Thursday, December 31, 2009

Sarah Koller-
If I had one grain of pixiedust for every time I knew you loved me, and another grain for every time I didn't know but you still loved me, I'd be visiting Neverland for the 4 billionth time.
-Katie Adametz

...

So

I don't know who I am.

That's a bit drastic, maybe, but really, I don't. I have some ideas and definately some people I want to be, but that's not always the way of things. I'd like to be certain, please, if that's possible. I know all the movie morals and the sayings about life being a journey, but really, please. Just answer my question. Who is Katie?

I don't really know who I expect to answer. That's probably something I have to do myself. I'd like to stomp my foot and whine that "It's TOO HARD" right about now, but I won't.

I think what I really want to know is: What is my purpose? Why am I even here? I feel like all I do is schoolwork and hangout with my friends. Yet again, maybe that's a wonderful purpose. Learning and fellowship. But I can't help but feel like there's supposed to be more.

So I'll start by identifying the known.

...

I played with Barbies as a child and I think they are wonderful toys. Barbie can be anything she wants and likes to stay in shape.

I like unicorns and mermaids and fairies. I like the idea of holding on to something that's delightfully improbable, but wonderfully fascinating.

I love love love love love to read.

I like people, in general. I'm not the most sensitive person and therefore can not be friends with absolutely everyone, but I enjoy being with others.

I'd rather play kickball, dodgeball, or freeball than play board games.
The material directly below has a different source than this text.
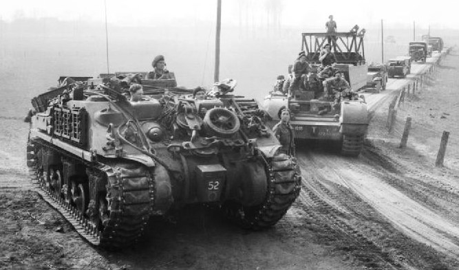A Sherman ARV and other specialised armour moving up to cross the Rhine, 24 March 1945.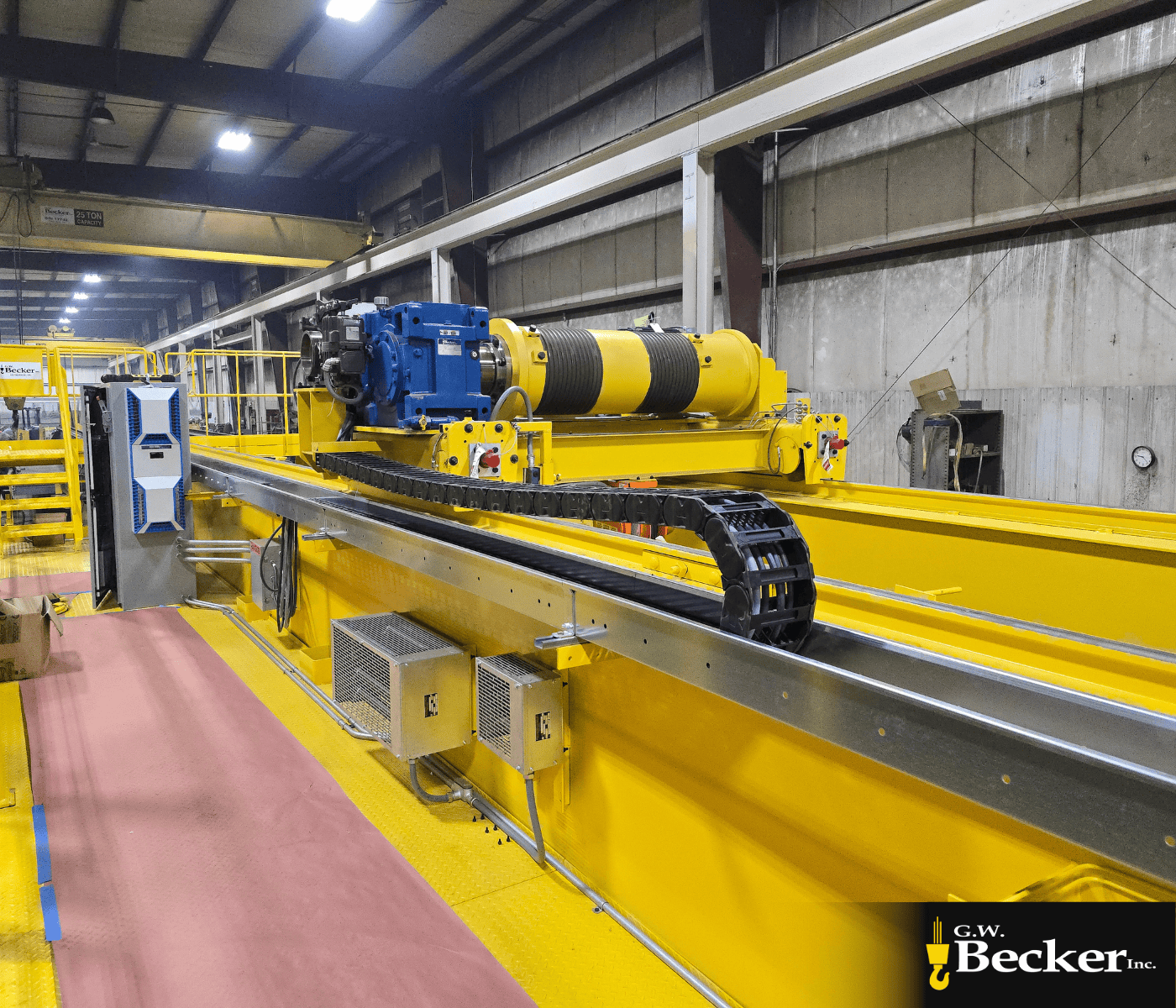 The system features variable frequency control on the bridge and trolley, and flux vector control on the hoist for exceptional precision and torque control. Operator convenience and safety are enhanced through radio remote operation with pendant backup, motion-activated warnings, and red LED drop zone lights for visual awareness during operation.

I prefer physical games to intellectual ones for the most part.

I've called several people my best friends over time, but really, there's only been one earthly forever friend, and she is Dakota Moore.
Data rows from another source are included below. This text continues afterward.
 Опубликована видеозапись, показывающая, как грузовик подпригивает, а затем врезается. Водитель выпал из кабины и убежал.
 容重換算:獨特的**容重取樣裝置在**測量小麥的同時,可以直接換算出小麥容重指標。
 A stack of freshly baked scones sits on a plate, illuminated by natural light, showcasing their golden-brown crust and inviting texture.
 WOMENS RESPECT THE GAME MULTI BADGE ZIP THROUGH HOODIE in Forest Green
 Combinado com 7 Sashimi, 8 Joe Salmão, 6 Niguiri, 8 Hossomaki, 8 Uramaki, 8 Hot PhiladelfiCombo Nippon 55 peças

I have a boyfriend. I worked very hard to have a boyfriend and he's extremely important to me.

My first favorite food is ice cream and my second favorite is cheesesteak.
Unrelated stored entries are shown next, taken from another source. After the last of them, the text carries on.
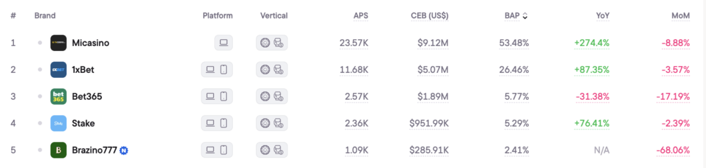| 3 | Bet365 | 1,788 | $1.3M | –34.9% |
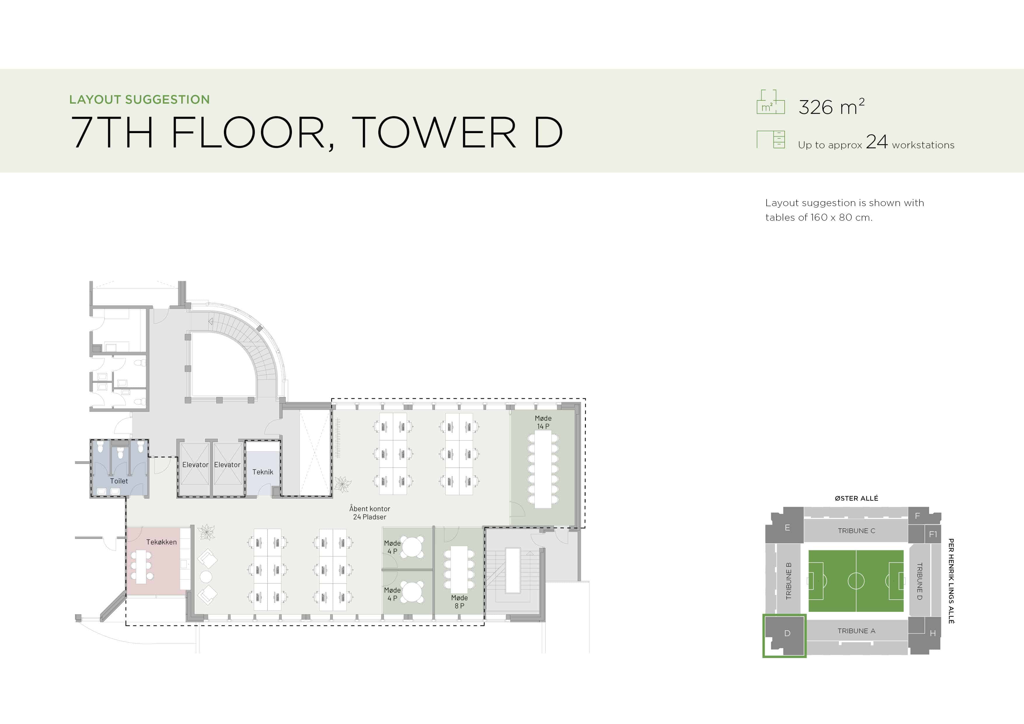 The lease in office tower D is located on the 7th floor and comprises 326 m², and offers an open and spacious layout with light wooden floors, high ceilings, and exposed piping. The lease is ideal for approximately 20 workstations, and from the office, there is a charming view overlooking Østerbro Stadium and the tennis courts. Tenants in Tower D also have access to a large shared terrace.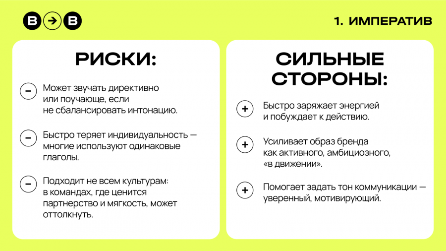 Призывают к действию. Строятся на активных глаголах — работай, создавай, выбирай, подключайся. Такой формат часто используют компании, которые хотят подчеркнуть энергию, лидерство, темп работы.

I'm a follower of Christ. A poor one, but none the less, I try.

I'm pretty vain. I look in mirrors a lot. At this point, I think it's more of a habitual instinct than actually wondering what I look like.

I like learning about literature and grammar.

I enjoy learning about history. All kinds of history.

I like all different kinds of music, but if you could listen in, you'd probably hear an alternative or rock band and the occasional girls only song.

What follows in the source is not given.